- [Data for processing]
===============

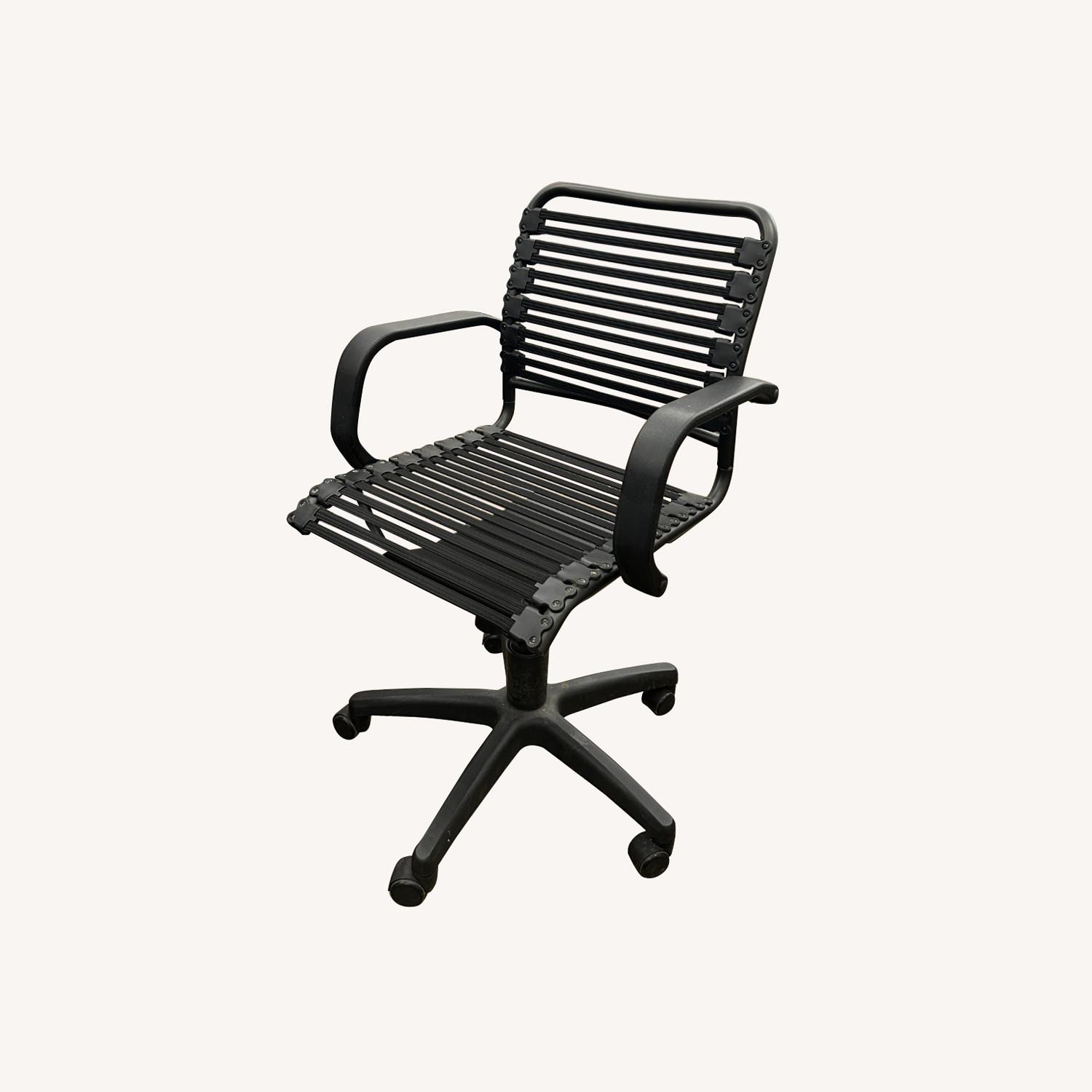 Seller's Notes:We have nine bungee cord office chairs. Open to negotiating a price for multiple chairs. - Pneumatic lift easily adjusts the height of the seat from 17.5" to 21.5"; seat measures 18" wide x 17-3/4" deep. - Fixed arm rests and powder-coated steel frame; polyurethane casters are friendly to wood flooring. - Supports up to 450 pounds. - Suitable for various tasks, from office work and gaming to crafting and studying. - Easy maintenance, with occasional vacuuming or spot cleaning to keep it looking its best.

===============

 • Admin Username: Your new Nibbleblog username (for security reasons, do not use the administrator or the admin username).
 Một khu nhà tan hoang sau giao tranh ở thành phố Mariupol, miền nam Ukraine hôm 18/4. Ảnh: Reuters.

===============

- [Work order]
Restate word for word the entries above, starting at the line with "the admin username)." and ending at the line with "Một khu nhà", inclusive, and no others.

- [Output for this exercise]
 • Admin Username: Your new Nibbleblog username (for security reasons, do not use the administrator or the admin username).
 Một khu nhà tan hoang sau giao tranh ở thành phố Mariupol, miền nam Ukraine hôm 18/4. Ảnh: Reuters.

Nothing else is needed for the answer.